- [INPUT RECORDS]
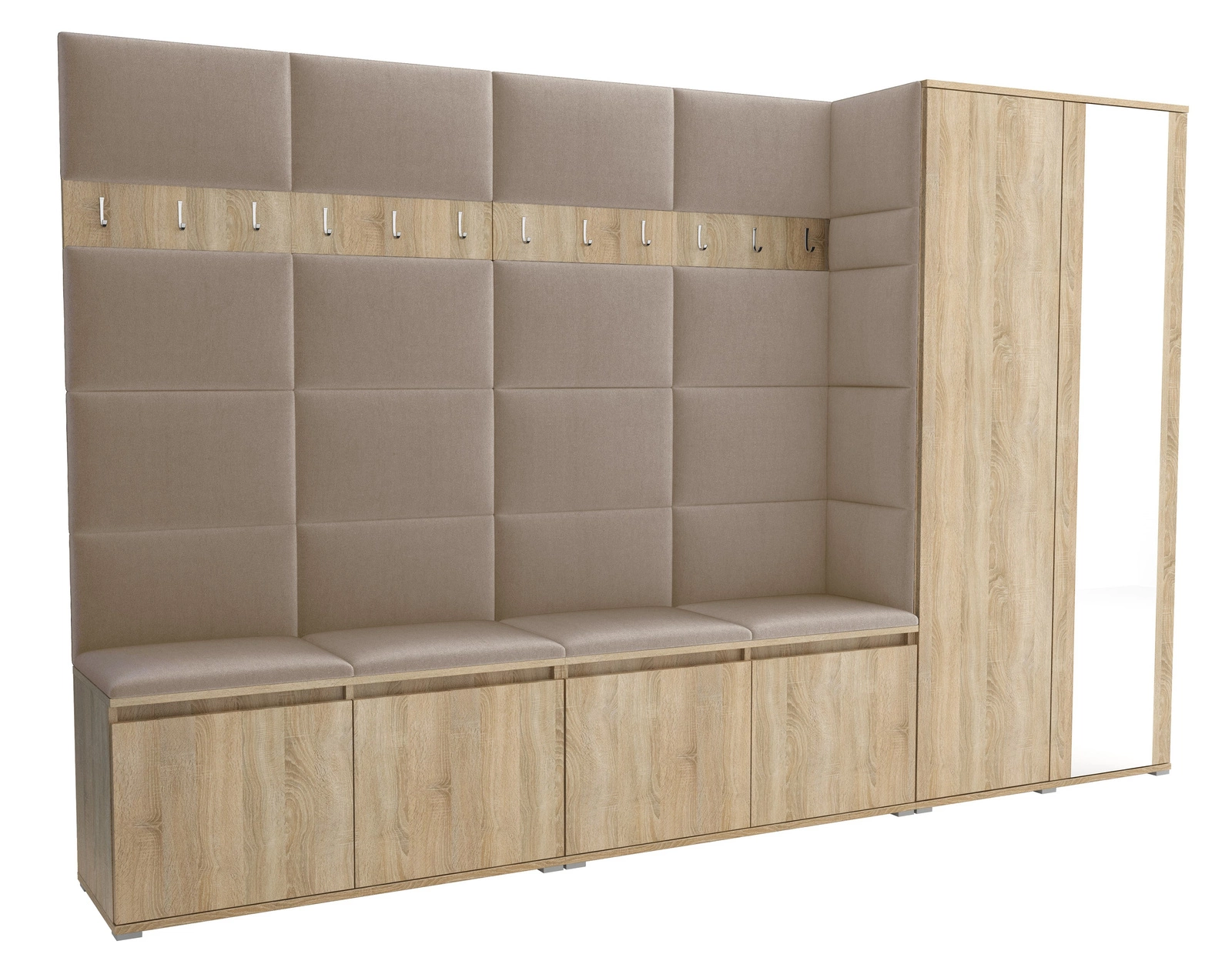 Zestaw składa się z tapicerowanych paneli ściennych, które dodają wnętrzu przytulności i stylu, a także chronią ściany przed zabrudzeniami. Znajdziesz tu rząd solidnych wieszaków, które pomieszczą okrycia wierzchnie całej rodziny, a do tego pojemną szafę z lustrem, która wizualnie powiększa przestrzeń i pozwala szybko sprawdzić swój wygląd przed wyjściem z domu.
...
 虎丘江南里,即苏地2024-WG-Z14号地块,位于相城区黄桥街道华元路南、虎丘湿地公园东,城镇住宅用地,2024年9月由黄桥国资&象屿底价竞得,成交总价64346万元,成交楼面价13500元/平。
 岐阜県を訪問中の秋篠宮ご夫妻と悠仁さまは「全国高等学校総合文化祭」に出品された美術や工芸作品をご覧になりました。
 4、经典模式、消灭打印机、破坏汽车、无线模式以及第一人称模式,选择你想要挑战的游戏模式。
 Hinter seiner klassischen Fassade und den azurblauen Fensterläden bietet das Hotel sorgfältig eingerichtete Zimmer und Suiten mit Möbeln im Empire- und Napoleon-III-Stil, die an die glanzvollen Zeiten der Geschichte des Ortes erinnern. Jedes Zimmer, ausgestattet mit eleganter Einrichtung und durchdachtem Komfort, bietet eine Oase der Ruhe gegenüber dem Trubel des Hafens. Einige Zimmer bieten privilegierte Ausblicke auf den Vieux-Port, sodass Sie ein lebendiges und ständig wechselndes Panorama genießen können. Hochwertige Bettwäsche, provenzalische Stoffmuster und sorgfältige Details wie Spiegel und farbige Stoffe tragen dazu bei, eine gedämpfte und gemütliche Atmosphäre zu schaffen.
--
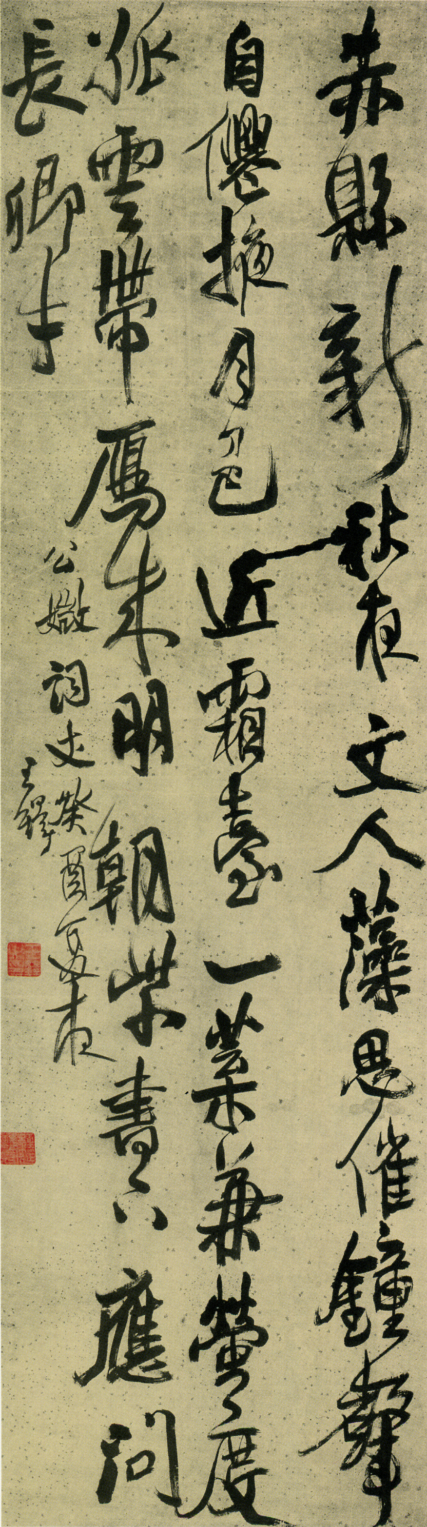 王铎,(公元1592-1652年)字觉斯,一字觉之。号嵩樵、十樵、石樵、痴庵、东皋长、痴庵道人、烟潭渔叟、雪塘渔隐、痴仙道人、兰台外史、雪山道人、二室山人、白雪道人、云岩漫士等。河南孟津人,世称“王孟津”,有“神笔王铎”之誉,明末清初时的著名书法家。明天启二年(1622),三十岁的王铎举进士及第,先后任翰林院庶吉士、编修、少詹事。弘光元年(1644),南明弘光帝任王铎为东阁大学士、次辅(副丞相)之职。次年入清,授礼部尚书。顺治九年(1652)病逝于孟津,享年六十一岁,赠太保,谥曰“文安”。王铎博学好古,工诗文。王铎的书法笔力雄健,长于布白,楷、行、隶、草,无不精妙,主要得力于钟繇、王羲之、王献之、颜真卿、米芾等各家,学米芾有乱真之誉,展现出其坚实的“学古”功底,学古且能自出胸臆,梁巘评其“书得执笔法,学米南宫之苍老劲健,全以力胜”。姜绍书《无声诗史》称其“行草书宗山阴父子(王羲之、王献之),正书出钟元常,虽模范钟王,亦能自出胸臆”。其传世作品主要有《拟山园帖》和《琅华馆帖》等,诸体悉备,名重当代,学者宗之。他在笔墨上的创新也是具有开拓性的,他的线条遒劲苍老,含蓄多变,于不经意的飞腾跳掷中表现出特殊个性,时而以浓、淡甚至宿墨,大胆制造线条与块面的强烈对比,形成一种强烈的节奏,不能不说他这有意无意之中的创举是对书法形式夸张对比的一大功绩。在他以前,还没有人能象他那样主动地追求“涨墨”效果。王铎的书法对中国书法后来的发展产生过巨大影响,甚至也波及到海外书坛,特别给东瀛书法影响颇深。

- [WORK ITEM] Return a word-for-word copy of the lines above from the one holding "4、经典模式、消灭打印机、破" through the one holding "Hinter seiner klassischen", with both of them included and nothing besides.

- [ANSWER SECTION]
 4、经典模式、消灭打印机、破坏汽车、无线模式以及第一人称模式,选择你想要挑战的游戏模式。
 Hinter seiner klassischen Fassade und den azurblauen Fensterläden bietet das Hotel sorgfältig eingerichtete Zimmer und Suiten mit Möbeln im Empire- und Napoleon-III-Stil, die an die glanzvollen Zeiten der Geschichte des Ortes erinnern. Jedes Zimmer, ausgestattet mit eleganter Einrichtung und durchdachtem Komfort, bietet eine Oase der Ruhe gegenüber dem Trubel des Hafens. Einige Zimmer bieten privilegierte Ausblicke auf den Vieux-Port, sodass Sie ein lebendiges und ständig wechselndes Panorama genießen können. Hochwertige Bettwäsche, provenzalische Stoffmuster und sorgfältige Details wie Spiegel und farbige Stoffe tragen dazu bei, eine gedämpfte und gemütliche Atmosphäre zu schaffen.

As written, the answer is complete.